For studies assessing the impact of heatwaves on ambulance dispatches, if they used the same heatwave definition (e.g. Excess Heat Factor (EHF)), effect estimate indicator (e.g. incidence rate ratio (IRR)), and health outcome (e.g. the daily total number of ambulance dispatches), they were included in the same meta-analysis. Specifically, two Australian studies which used EHF, in the same way, were pooled together (Jegasothy et al. 2017; Williams et al. 2018), and another two studies which used the same heatwave intensity (90th, 95th, or 99th percentiles) and duration indicators (2 or 3 days) were pooled together (Sun et al. 2014; Xu et al. 2018).

Random-effects models were used to pool the effect estimates. For studies which reported RRs across multiple lag periods within 2 days (e.g. 0–12, 0–24, and 0–48 h) (Cui et al. 2020), multiple regions (Williams et al. 2018), or multiple ambulance dispatch indicators (Sangkharat et al. 2020), we used hierarchical random-effects models to pool their RRs with RRs in other studies, accounting for both within-study variability (first level) and between-study variability (second level).
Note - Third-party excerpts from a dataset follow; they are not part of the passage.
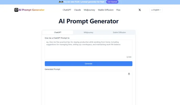 AI Prompt Generator is a powerful tool designed to enhance creativity and productivity in the artificial intelligence industry. By leveraging advanced algorithms and natural language processing, this tool helps users generate effective prompts for various AI models, including ChatGPT, Claude, Midjourney, and Stable Diffusion.
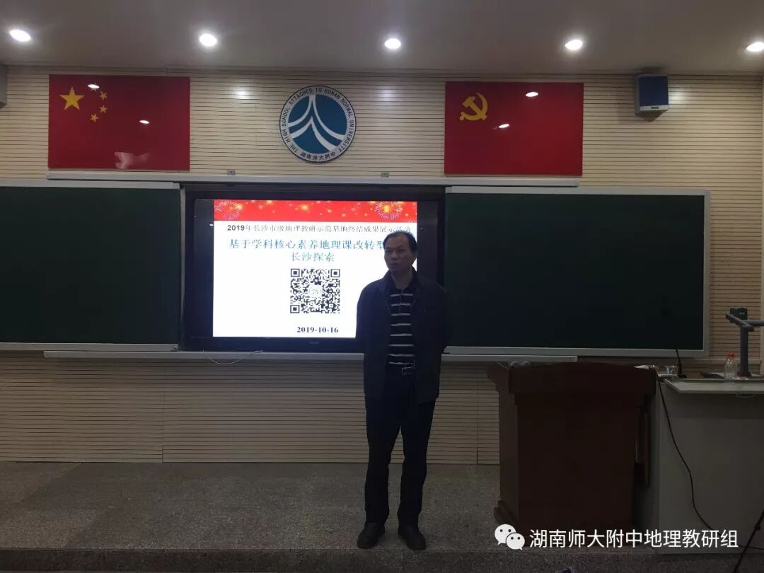 最后,长沙市教育科学研究院地理教研员刘玉岳老师做了《基于学科核心素养地理课改转型升级长沙探索》的报告,阐述了地理教育新时代的机遇和挑战,对新课标、新高考、新教材背景下地理教师如何培养学生核心素养进行了分析,提出了长沙“五有四化”地理教学的新主张。
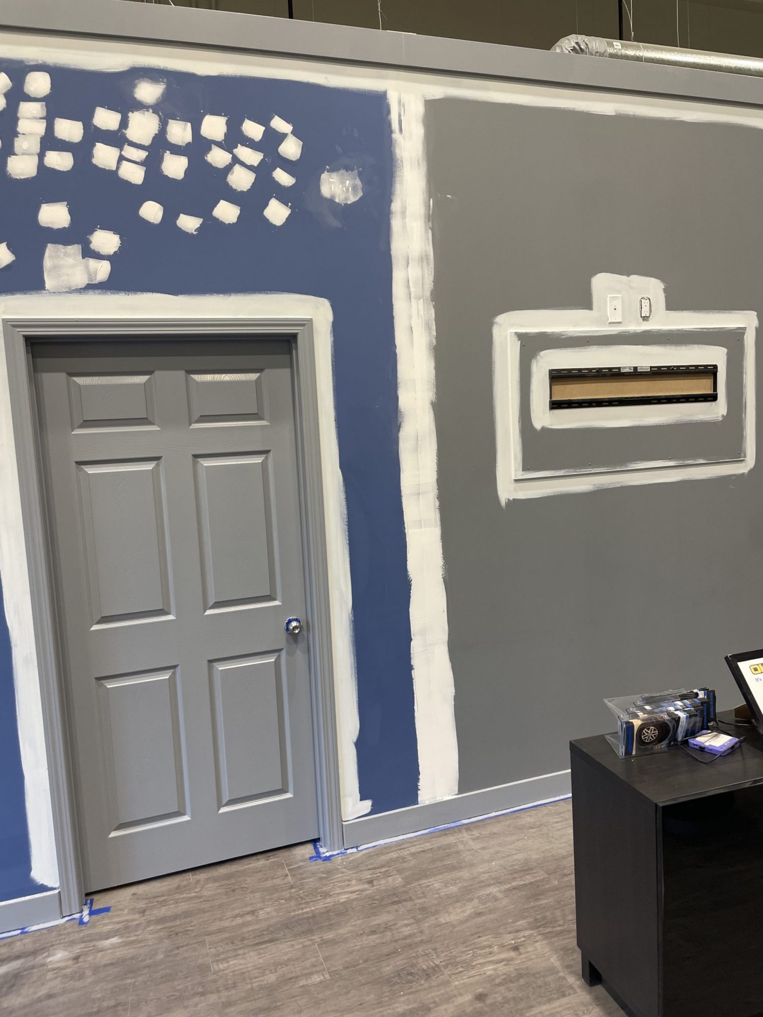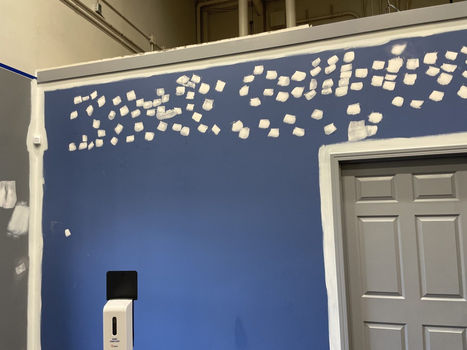 The project in-progress was progressing according to schedule. Notice the painters tape on the floor to mark the project area.

As the number of studies included in each meta-analysis was low (≤ 6), we were unable to assess a funnel plot or do more advanced regression-based assessments to evaluate publication bias.

Results

Study selection

The PRISMA diagram in Fig. 1 describes the process of record selection for both the initial database searches and bibliographic screening. The final search yielded 3628 results from the six databases. Following title and abstract screening, this was reduced to 144 studies. After full-text and reference screenings, 48 full texts have been included in this review.

Quality assessments

Tables 1 and 2 display the quality assessment results for time-series (n = 42) and case-crossover studies (n = 6), respectively. Four of the included studies (n = 48) were of high quality, and the remaining 44 studies were of moderate quality. Among the four high-quality studies, three were of time-series design and one of case-crossover design.

Table 1.

Quality assessment results of time-series studies (n = 42)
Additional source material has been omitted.